Per quanto riguarda la violazione dell’art. 7, il giudice Smith aveva stabilito che, quando la Corte suprema si era pronunciata sul tema nel caso Rodriguez, si era focalizzata solo sul diritto alla libertà ed alla sicurezza della persona e non sul diritto alla vita della Rodriguez. Aveva poi ricordato che la Cour non si era pronunciata sulla violazione dell’art. 15. A parere del giudice Smith, il divieto di aiuto al suicidio era invalido nella misura in cui violava i diritti garantiti ad una popolazione, definiti sia dall’art. 7 che dall’art. 15 della Charte.
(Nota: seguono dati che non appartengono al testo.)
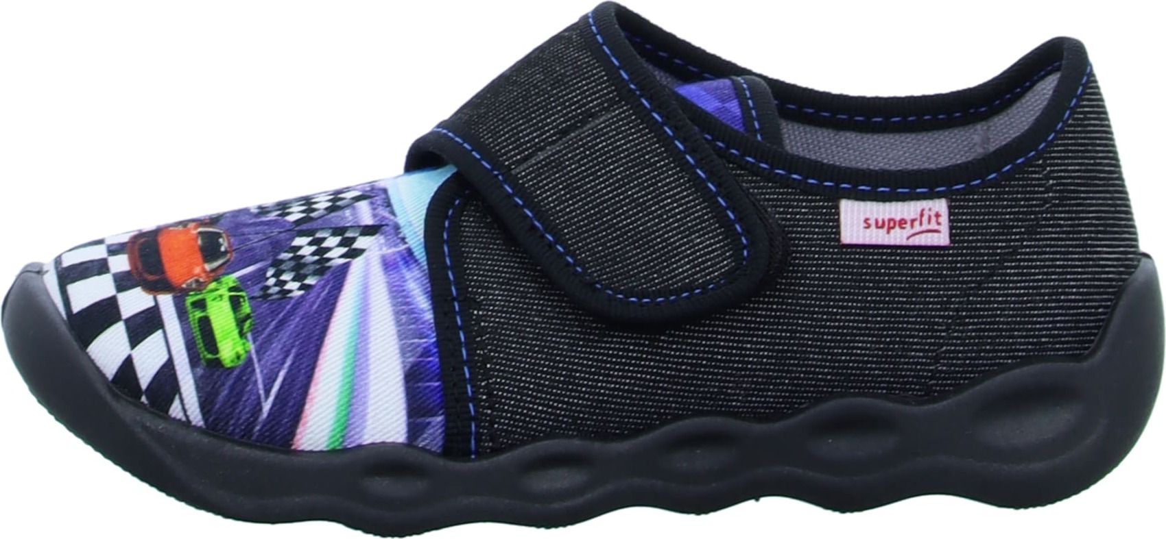 Der Bubble ist ein toller Kinder Hausschuh von Superfit und begeistert jeden Jungen mit seinem coolen Rennfahrer Print und der Aufmachung in trendigem Schwarz. +
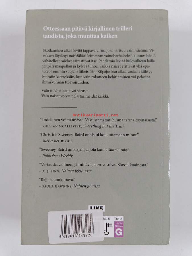 Muu(t) tekijä(t): Kirsi LuomaAlkuteos: The end of menAsiasanat: naisen asema, sukupuuttoon kuoleminen, lääkärit, miehet, uhrit, sairastuminen, virustaudit, pandemiat, antropologit, uhat
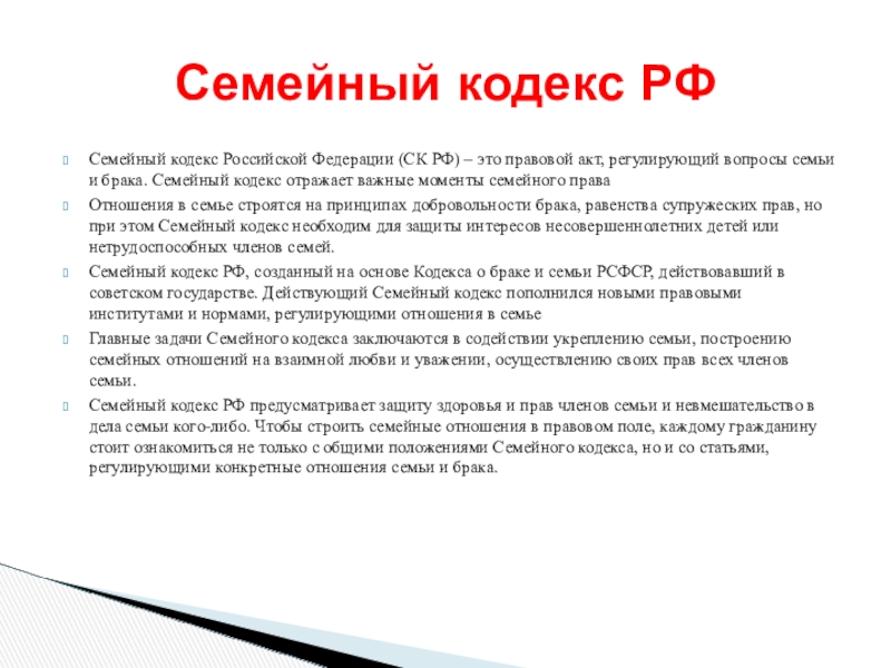 Слайд 27Семейный кодекс Российской Федерации (СК РФ) – это правовой акт, регулирующий

Il giudice aveva così stabilito che il divieto di aiuto al suicidio fosse inoperante, nella misura in cui vietava il suicidio commesso con l’aiuto di un medico, nell’ambito di una relazione tra il paziente ed il proprio medico, e nella misura in cui il paziente fosse un adulto ben informato, non “perplesso” e capace: (a) non sottoposto ad alcun tipo di coercizione o di influenza non dovuta, non sofferente di depressione clinica e richiedente l’aiuto del medico per morire personalmente (e non mediante un mandatario); (b) affetto da una deficienza fisica importante (o destinato ad esserlo in breve tempo), che avesse ricevuto da un medico una diagnosi della malattia o dell’handicap grave e che si fosse trovato in uno stato di un indebolimento avanzato delle proprie capacità, senza prospettive di miglioramento, e che soffrisse di una malattia per la quale non vi era alcun trattamento accettabile, che causasse sofferenze fisiche o psicologiche persistenti, intollerabili e impossibili da alleviare con un trattamento medico da considerarsi accettabile.
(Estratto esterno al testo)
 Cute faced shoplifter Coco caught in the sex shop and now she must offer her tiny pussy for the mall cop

La declaratoria è stata sospesa per dodici mesi, assecondando la richiesta del Procuratore generale del Canada, il quale affermava che questo fosse il termine minimo per lasciare il tempo al Parlamento per esaminare la questione ed adottare nuove misure legislative.

Tale sospensione non avrebbe, però, permesso alla Taylor di ricorrere legalmente all’aiuto di un medico per morire prima che il termine fosse scaduto. Era stata, quindi, concessa una c.d. exemption constitutionnelle che esentava la ricorrente dall’essere sottoposta alla normativa ancora in vigore. La signora era però deceduta in seguito a una infezione nell’ottobre 2012.

– La sentenza di secondo grado

Il Governo del Canada e quello della Columbia-Britannica avevano interposto appello. Con una sentenza resa a maggioranza (da due giudici contro uno), il 10 ottobre 2013, la Cour d’appel della Columbia-Britannica aveva riformato la decisione di primo grado. La maggioranza non aveva esaminato in maniera approfondita la fondatezza delle richieste di natura costituzionale, ma aveva focalizzato l’attenzione sul principio dello stare decisis. Al riguardo, aveva stabilito che il giudice di primo grado era tenuto a concludere nello stesso senso della sentenza sul caso Rodriguez, poiché soltanto la Cour suprême avrebbe potuto discostarvisi, revocando in dubbio la costituzionalità della normativa allora dichiarata conforme a Costituzione.